As a signal to the markdown processor, <html> seems perfect. Better even than <html_for_sure>, <nothing_but_ordinary_html>, or other elaborations. If the input to the markdown processor was purported to be ready for interpretation as a response to a web page request, maybe some adherence to standards for that would be smart. But it is not such input. Simple is easier to remember.

(13) By Stephan Beal (stephan) on 2021-08-09 00:01:18 in reply to 12 [link] [source]

Simple is easier to remember

FWIW, Larry has me convinced there. Assuming we don't have any semantic collisions (i don't believe we do), "html" sounds perfect.

(14) By Richard Hipp (drh) on 2021-08-09 01:16:17 in reply to 13 [link] [source]

Changes are on trunk. Try it out. Report any problems.

(15) By Brian Tiffin (btiffin) on 2021-08-09 01:56:52 in reply to 13 [link] [source]

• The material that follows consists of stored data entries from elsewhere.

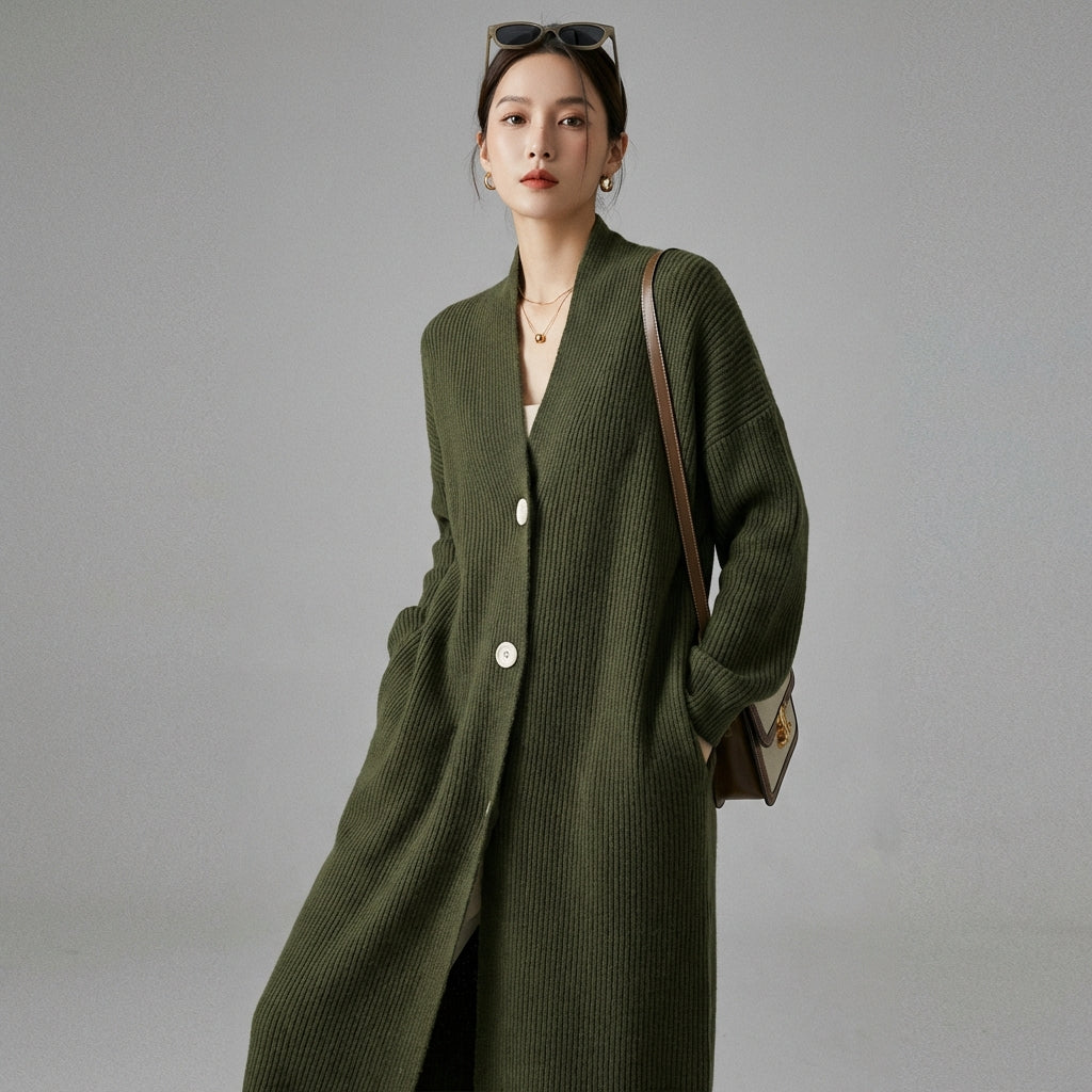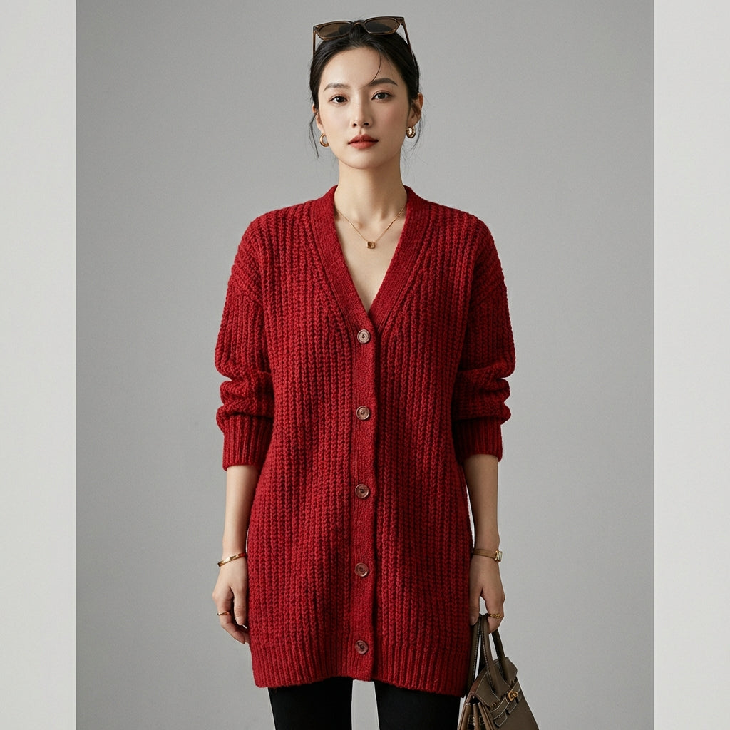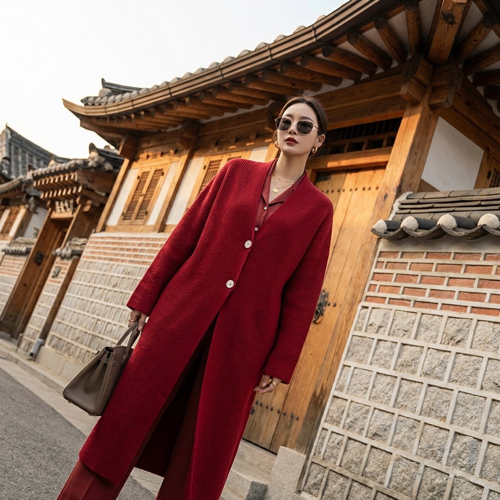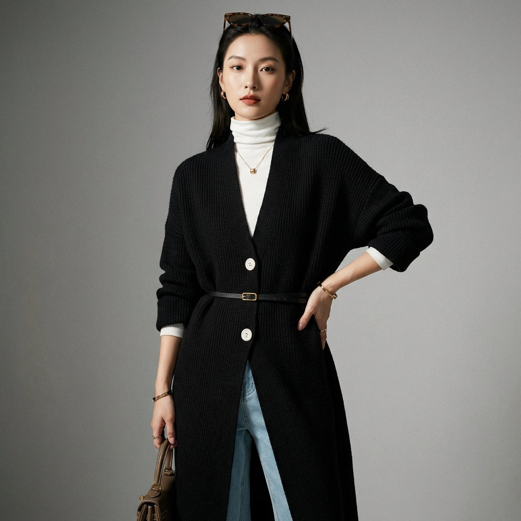 - Estilo: Elegante, Minimalista, K-fashion. Este cárdigan encarna la elegancia discreta y las líneas limpias de la moda coreana, perfecto para un look chic y moderno.
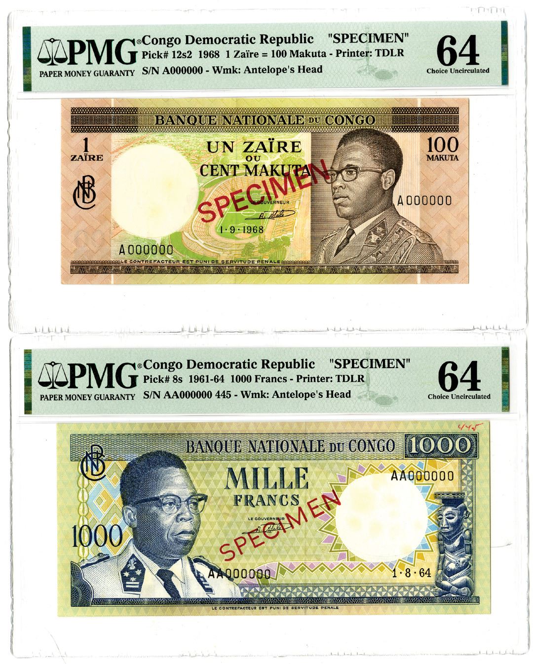 Congo Democratic Republic. 2 pieces: 1968, 1 Zaire = 100 Makuta, P-12s2, Specimen banknote, Brown and multicolor, S/N A000000; and 1961-64, 1000 Francs, P-8s, Specimen banknote, Blue and multicolor, S/N AA000000 445. Both have Antelope's Head Watermarks and are PMG graded Choice Uncirculated 64. TDLR. (2)
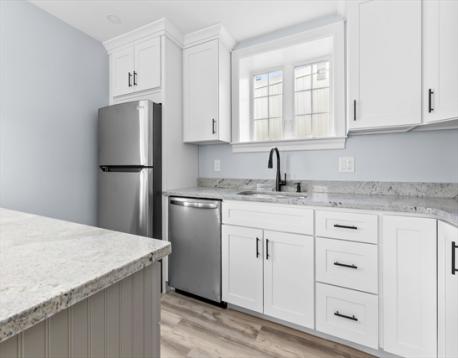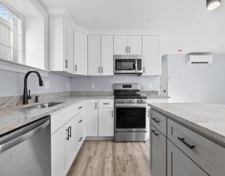 New Construction; Single Family, 6 BRs/3 full baths/2 kitchens. If looking for income generating property or for extended family to live w/you, this home can accomodate either. Enter into charming wainscoted vestibule greeted warmly by light blue walls & nat'l finished hardwood flrs. A stunning kitchen, quartz cntrtops, glass backsplash, LG Stainless applncs convection microwv/oven combo & a contrasting island. Open-concept DR/LR, accentuated by a tiled fireplace & granite hearth. Fantastic sun exposure. Closing out main level-full bath & 2 addt'l rooms for flex space or BRs. A wide staircase, purposely designed leads to 2nd level offering a generously spacious primary suite, Xlg closet, hall laundry, & 2 adt'l BRs. A luxurious 5 pc bathroom delivers a serene spa-like experience. The legal in-law suite is ground lvl - 1 level living no stairs. Peninsula w/quartz counters. XLg living/dining combo. Awesome location in Revere on Malden/Saugus lines easy access to hwys, shops & more!

Agree. Thanks to the hint about separating the special-ness of the <html> tag from Markdown and CGI, Stephan, allowed Larry's wisdom to sink in faster.

Allowing raw to the browser with <html> blocks is a sane, easy thing to remember.

Allowing exception control of header/footer with <html> triggers in CGI is a sane, easy thing to remember, even though I'd still have to go look it up for reminder-ing on specifics.

And the internet gets to cheer as someone makes a good point, shifts other opinions and the design to the better. For the win. An internet win.

And new fossil powers. Thanks, Richard.